We study GCS-TSP, a new variant of the Traveling Salesman Problem (TSP) defined over a Graph of Convex Sets (GCS) -- a powerful representation for trajectory planning that decomposes the configuration space into convex regions connected by a sparse graph. In this setting, edge costs are not fixed but depend on the specific trajectory selected through each convex region, making classical TSP methods inapplicable. We introduce GHOST, a hierarchical framework that optimally solves the GCS-TSP by combining combinatorial tour search with convex trajectory optimization. GHOST systematically explores tours on a complete graph induced by the GCS, using a novel abstract-path-unfolding algorithm to compute admissible lower bounds that guide best-first search at both the high level (over tours) and the low level (over feasible GCS paths realizing the tour). These bounds provide strong pruning power, enabling efficient search while avoiding unnecessary convex optimization calls. We prove that GHOST guarantees optimality and present a bounded-suboptimal variant for time-critical scenarios. Experiments show that GHOST is orders-of-magnitude faster than unified mixed-integer convex programming baselines for simple cases and uniquely handles complex trajectory planning problems involving high-order continuity constraints and an incomplete GCS.

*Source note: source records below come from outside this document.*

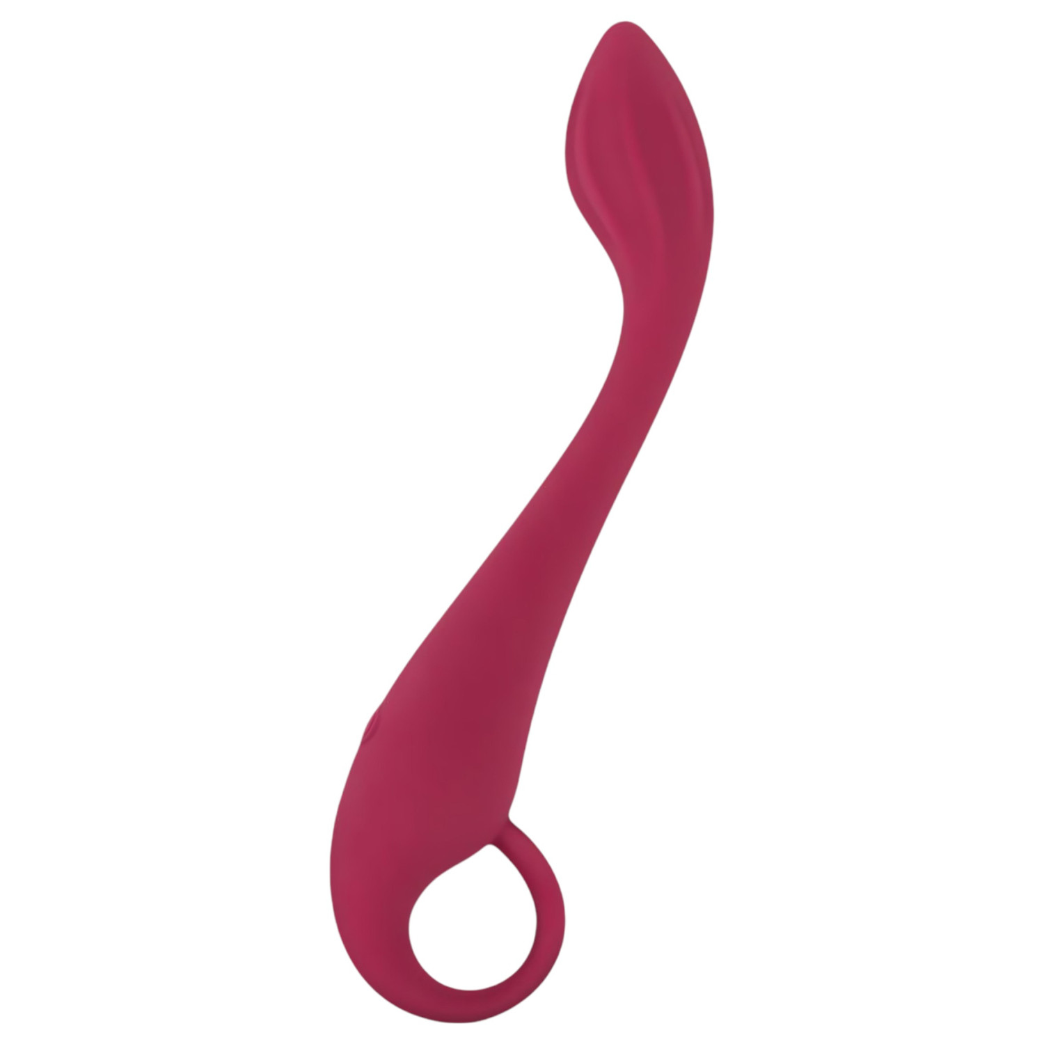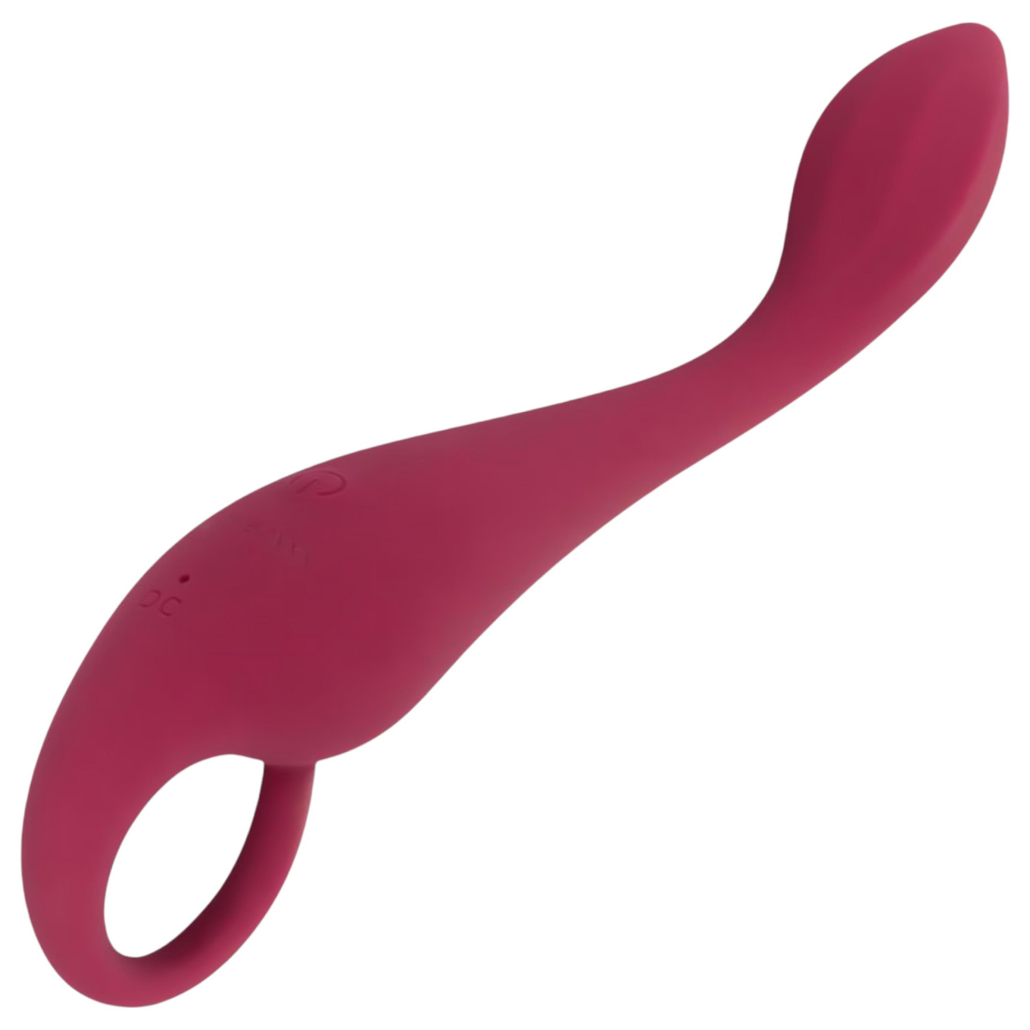 • Forme originale avec col hyper fin, tête nervurée spéciale point G, et anneau pour une prise en main au top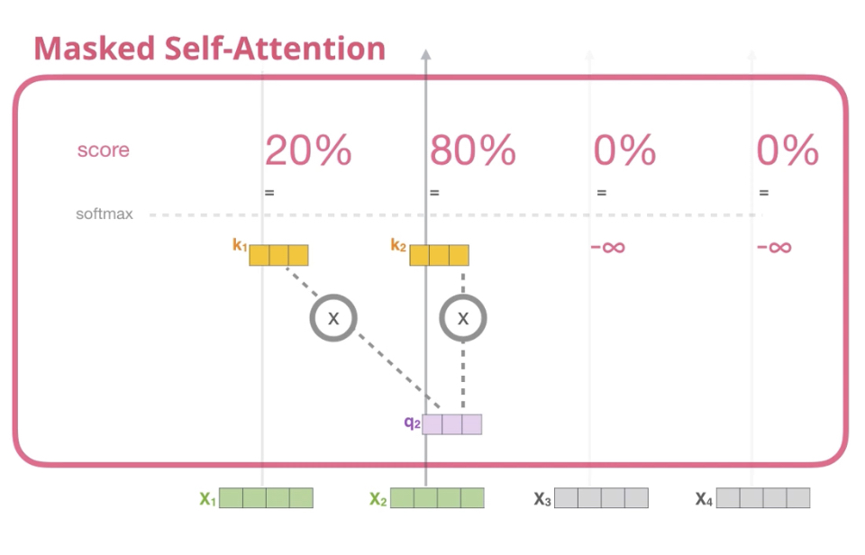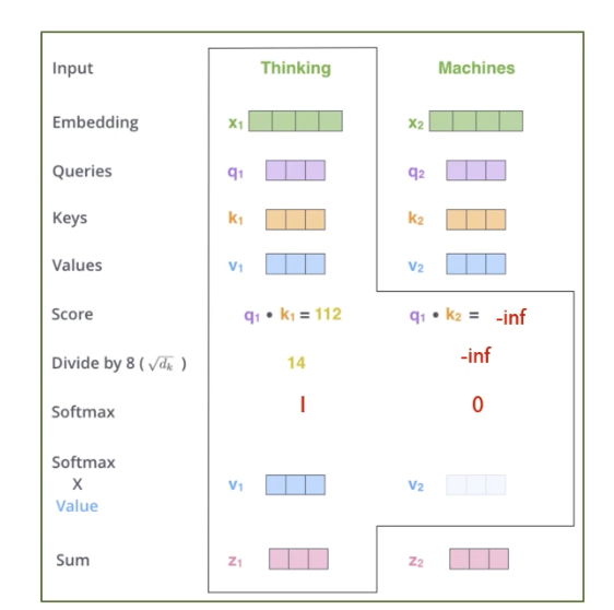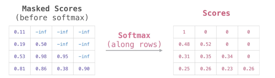 Masking을 수학적으로 구현할 때는 포지션에 해당하는 Score 값을 -inf ( 마이너스 무한대 ) 값으로 표기함으로써 구현할 수 있다.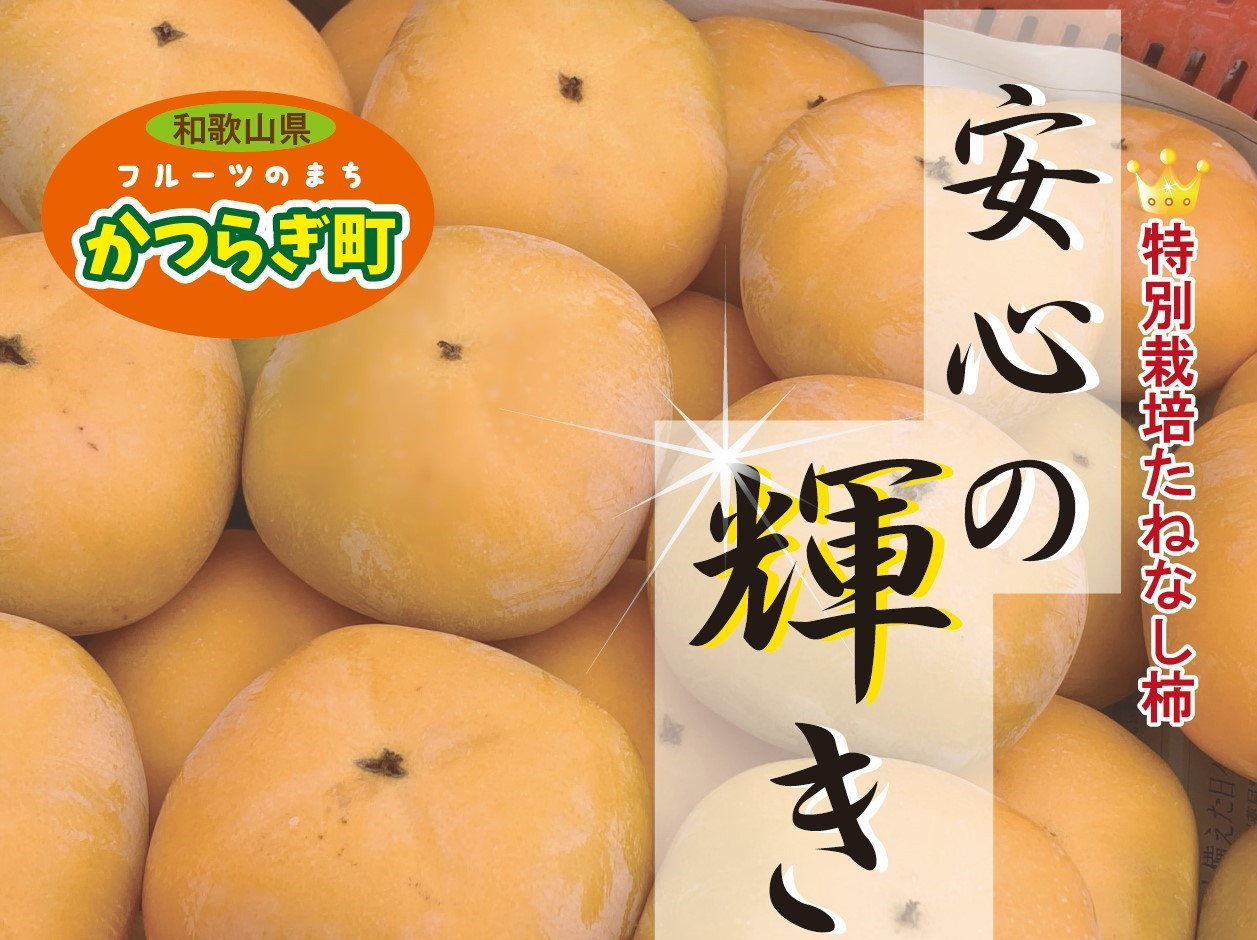 こちらは、「安心を皆様に届けたい」という気持ちを込めて栽培した「特別栽培たねなし柿」です。

翻译：本文研究GCS-TSP，这是旅行商问题（TSP）的一种新变体，定义于凸集图（GCS）之上——一种用于轨迹规划的强表示方法，将构型空间分解为通过稀疏图连接的凸区域。在此设定下，边成本并非固定，而是取决于通过每个凸区域所选择的具体轨迹，这使得经典TSP方法不再适用。我们提出了GHOST，一种分层框架，通过结合组合路径搜索与凸轨迹优化，以最优方式求解GCS-TSP。GHOST系统性地探索由GCS导出的完全图上的路径，利用一种新颖的抽象路径展开算法计算可接受下界，这些下界指导着高层（路径层面）和低层（实现路径的可行GCS路径层面）的最佳优先搜索。这些下界提供了强大的剪枝能力，实现了高效搜索，同时避免了不必要的凸优化调用。我们证明了GHOST能够保证最优性，并提出了适用于时间关键场景的有界次优变体。实验表明，对于简单案例，GHOST比统一的混合整数凸规划基线方法快数个数量级，并且独特地处理了涉及高阶连续性约束和不完整GCS的复杂轨迹规划问题。